Set down the listing exactly as given, minus images.
====== Collected material
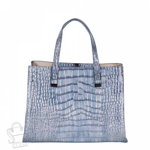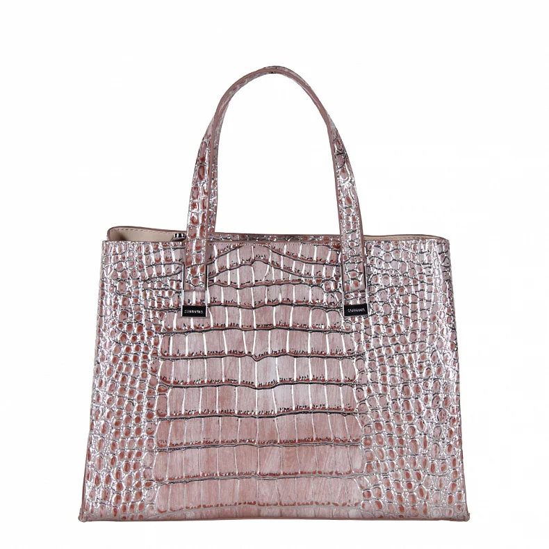 Сумка-тоут, выполнена из экокожи.  Декорирована перламутровым нанесением. Дополнена серебристой фурнитурой. Данная модель закрывается на молнию. Каркас жесткий. Носится в руке за короткую ручку или на плече. В комплекте имеется съемный ремень.
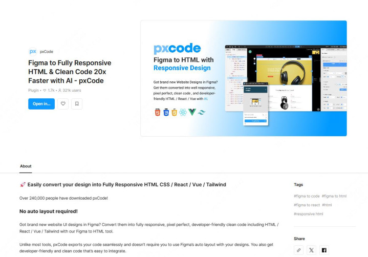 pxCode是一款在Figma社区很受欢迎的三方插件,它能够将Figma设计稿快速转化为响应式的代码。pxCode的核心理念是“Human + AI”,即结合人工智能的自动化与人类开发者的精准控制,力求在效率和代码质量之间取得最佳平衡。
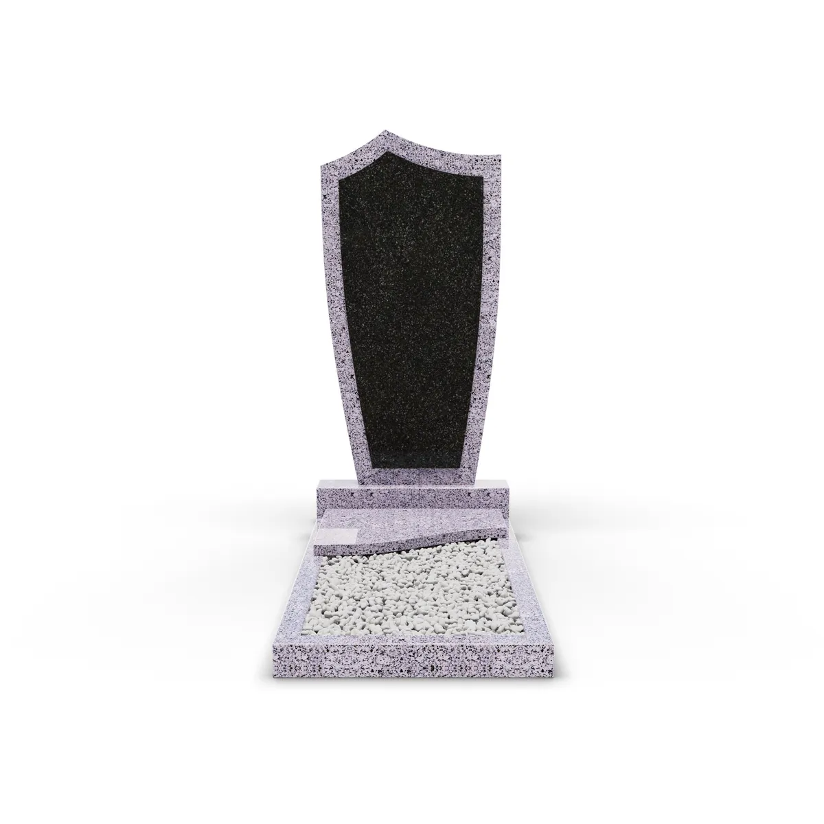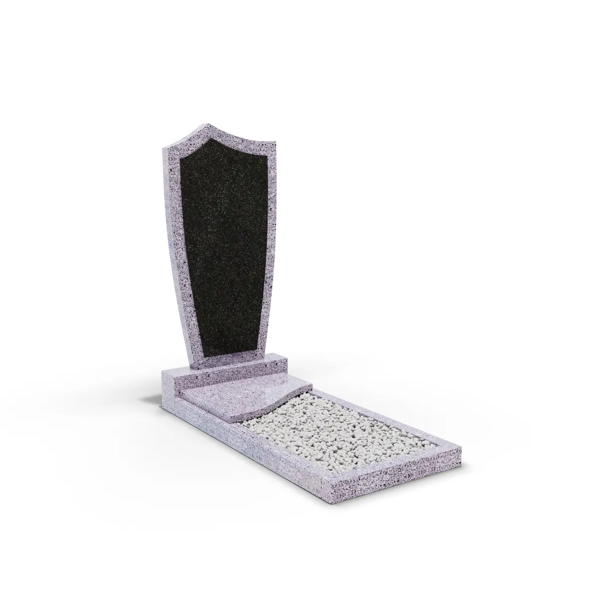 Комбинированный памятник «КукП4В Гранатовый амфиболит» – элегантное надгробие из серого камня с контрастной черной вставкой из Габбро. Форма памятника напоминает щит с заостренной верхней частью. Основание выполнено из светло-серого гранита, а зона захоронения накрыта одной короткой плитой. Прочная тумба шириной 55 см придает конструкции устойчивость к погодным условиям и сохранение эстетики на долгие годы. Идеальное сочетание классики и современного дизайна.
============
Result of this exercise ->
 Сумка-тоут, выполнена из экокожи.  Декорирована перламутровым нанесением. Дополнена серебристой фурнитурой. Данная модель закрывается на молнию. Каркас жесткий. Носится в руке за короткую ручку или на плече. В комплекте имеется съемный ремень.
 pxCode是一款在Figma社区很受欢迎的三方插件,它能够将Figma设计稿快速转化为响应式的代码。pxCode的核心理念是“Human + AI”,即结合人工智能的自动化与人类开发者的精准控制,力求在效率和代码质量之间取得最佳平衡。
 Комбинированный памятник «КукП4В Гранатовый амфиболит» – элегантное надгробие из серого камня с контрастной черной вставкой из Габбро. Форма памятника напоминает щит с заостренной верхней частью. Основание выполнено из светло-серого гранита, а зона захоронения накрыта одной короткой плитой. Прочная тумба шириной 55 см придает конструкции устойчивость к погодным условиям и сохранение эстетики на долгие годы. Идеальное сочетание классики и современного дизайна.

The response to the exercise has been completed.